Shave biopsy of cutaneous lesions is simple, efficient, and commonly used clinically. However, this technique has been criticized for its potential to hamper accurate diagnosis and microstaging of melanoma, thereby complicating treatment decision-making.

We retrospectively analyzed a consecutive series of patients referred to the University of Florida Shands Cancer Center or to the Moffitt Cancer Center for treatment of primary cutaneous melanoma, initially diagnosed on shave biopsy to have Breslow depth < 2 mm, to determine the accuracy of shave biopsy in T-staging and the potential impact on definitive surgical treatment and outcomes.

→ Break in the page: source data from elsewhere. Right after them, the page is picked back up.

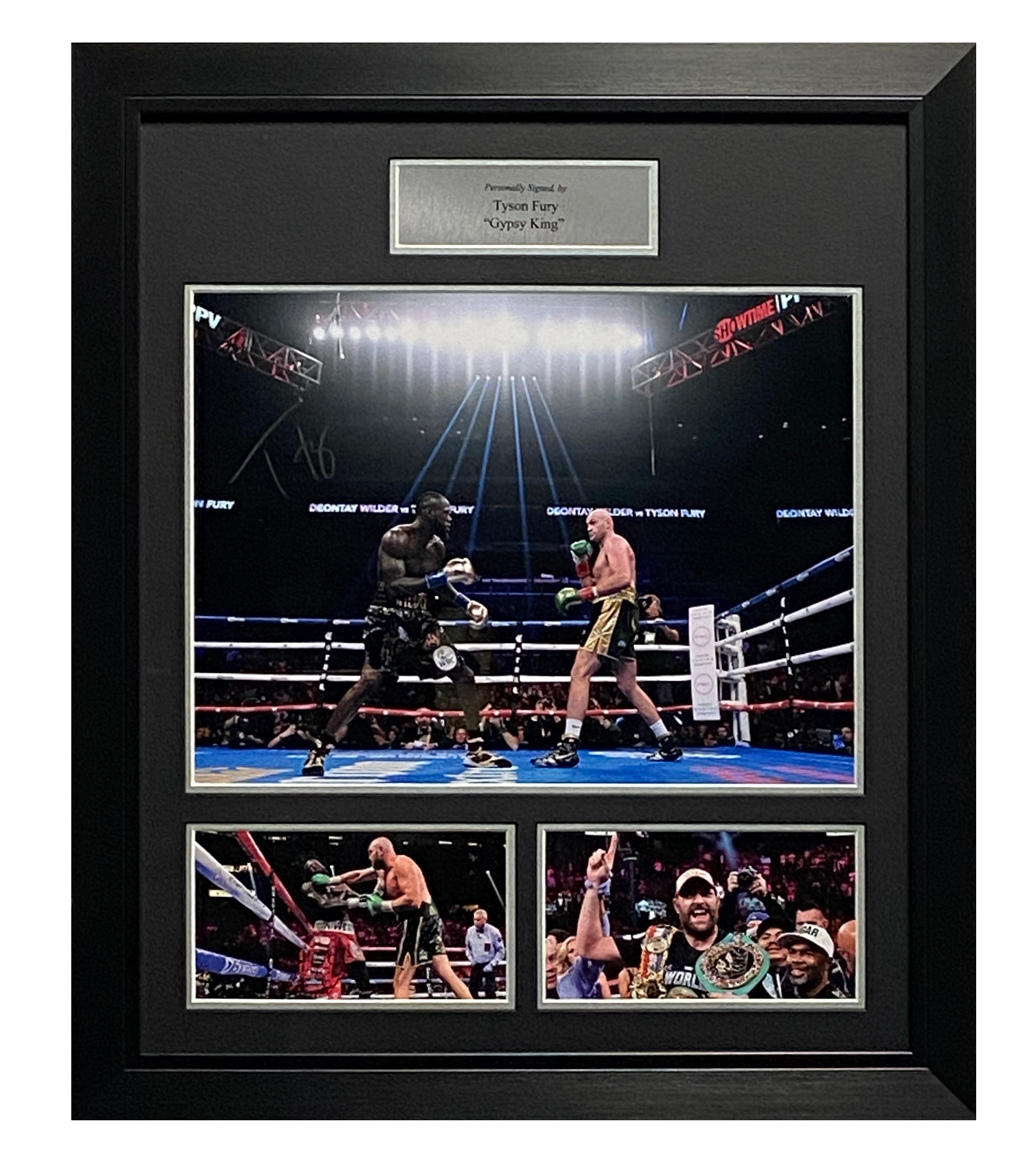 This stunning picture, hand signed by Tyson Fury, has been mounted with 2 pictures and a plaque , and finished off in a stylish and modern bespoke black with black trim, making it a timeless addition to any home or office.
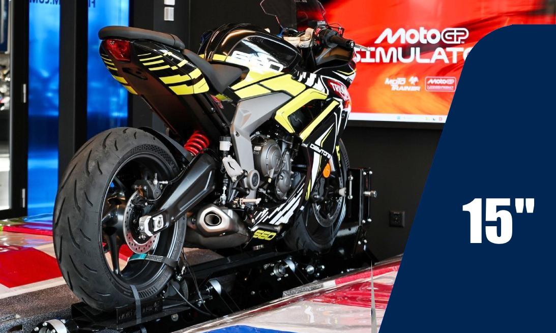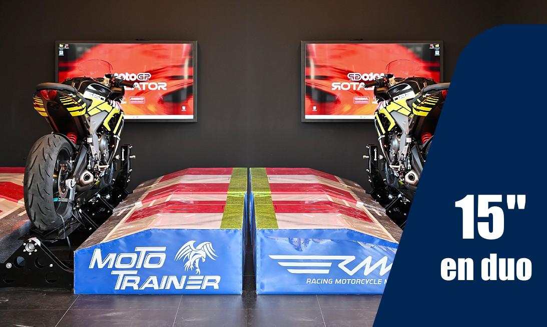 - Session 15 minutes : Idéale pour une première découverte, cette formule permet de prendre en main le simulateur et de ressentir les sensations du pilotage MotoGP.
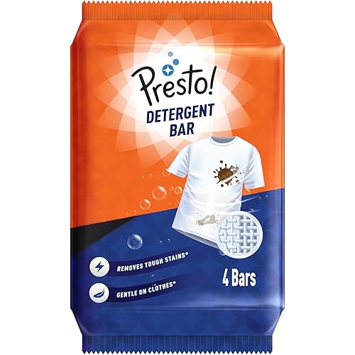 Amazon Brand – Presto! Detergent Bar | 250g | 4 Count | 4 Bars Each X Pack of 1 | Tough On Stains | Gentle On Fabrics | Colour-Safe | Refreshing Fragrance | Gentle on Hands
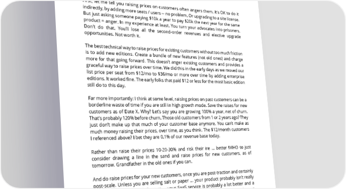 50. What is the best strategy for dramatically increasing the price of a SaaS product without angering customers? Two thoughts, one direct and one indirect. First, let me tell you raising prices on customers often angers them. It’s OK to do it indirectly, by adding more seats / users -- no problem. Or upgrading to a site license. But just asking someone paying $10k a year to pay $20k the next year for the same product = anger. In my experience at least. You turn your advocates into prisoners. Don’t do that. You’ll lose all the second-order revenues and elective upgrade opportunities. Not worth it. The best technical way to raise prices for existing customers without too much friction is to add new editions. Create a bundle of new features (not old ones) and charge more for that going forward. This doesn’t anger existing customers and provides a graceful way to raise prices over time. We did this in the early days as we moved our list price per seat from $12/mo to $36/mo or more over time by adding enterprise editions. It worked fine. The early folks that paid $12 or less for the most basic edition still do to this day. Far more importantly: I think at some level, raising prices on past customers can be a borderline waste of time if you are still in high growth mode. Save the raises for new customers as of Date X. Why? Let’s say you are growing 100% a year, net of churn. That’s probably 120% before churn. Those old customers from 1 or 2 years ago? They just don’t make up that much of your customer base anymore. You can’t make as much money raising their prices, over time, as you think. The $12/month customers I referenced above? I bet they are 0.1% of our revenue base today. Rather than raise their prices 10-20-30% and risk their ire ... better IMHO to just consider drawing a line in the sand and raise prices for new customers, as of tomorrow. Grandfather in the old ones if you can. And do raise prices for your new customers, once you are post-traction and certainly post-scale. Unless you are selling salt or paper ... your product probably isn’t really a commodity. After 1, 2, 3 years ... your SaaS service is probably a lot better and a more valuable product than when you started. So don’t be afraid to raise prices on new customers, over time. You’ve got the mini-brand, the reference customers, the enterprise features. Just be careful on existing ones. SAASTR.COM 45
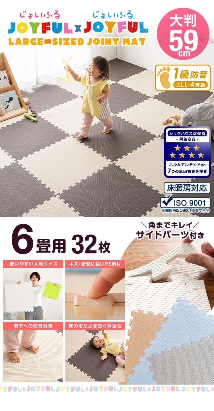 タンスのゲン ジョイントマット 1級防音 大判59cm 厚み10mm 6畳用 32枚組 防音 保温性 床暖房対応 ノンホルムアルデヒド 赤ちゃん プレイマット フロアマット サイドパーツ付き オフホワイト 18700001 36 (79292)
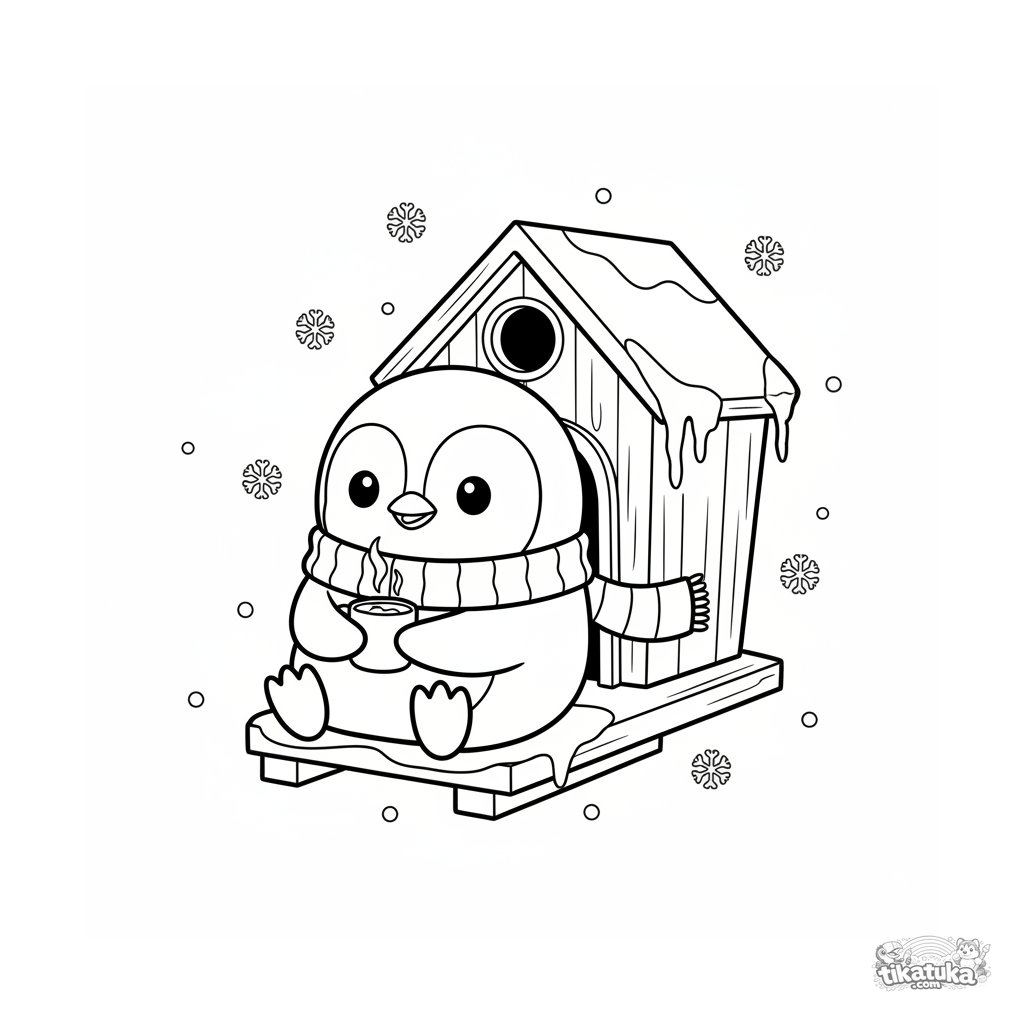 Página para colorir para crianças 4-6: um fofo pinguim com cachecol relaxa na varanda de uma casa de pássaros de inverno. Cena doce e simples no estilo chibi.

Six hundred patients undergoing shave biopsy were diagnosed with melanoma from extremity (42%), trunk (37%), and head or neck (21%). Mean (± SEM) Breslow thickness was 0.73 ± 0.02 mm; 6.2% of lesions were ulcerated. At the time of wide excision, residual melanoma was found in 133 (22%), resulting in T-stage upstaging for 18 patients (3%). Recommendations for additional wide excision or sentinel lymph node biopsy changed in 12 of 600 (2%) and 8 of 600 patients (1.3%), respectively. Locoregional recurrence occurred in 10 (1.7%) patients and distant recurrence in 4 (0.7%) patients.

These data challenge the surgical dogma that full-thickness excisional biopsy of suspicious cutaneous lesions is the only method that can lead to accurate diagnosis. Data obtained on shave biopsy of melanoma are reliable and accurate in the overwhelming majority of cases (97%). The use of shave biopsy does not complicate or compromise management of the overwhelming majority of patients with malignant melanoma.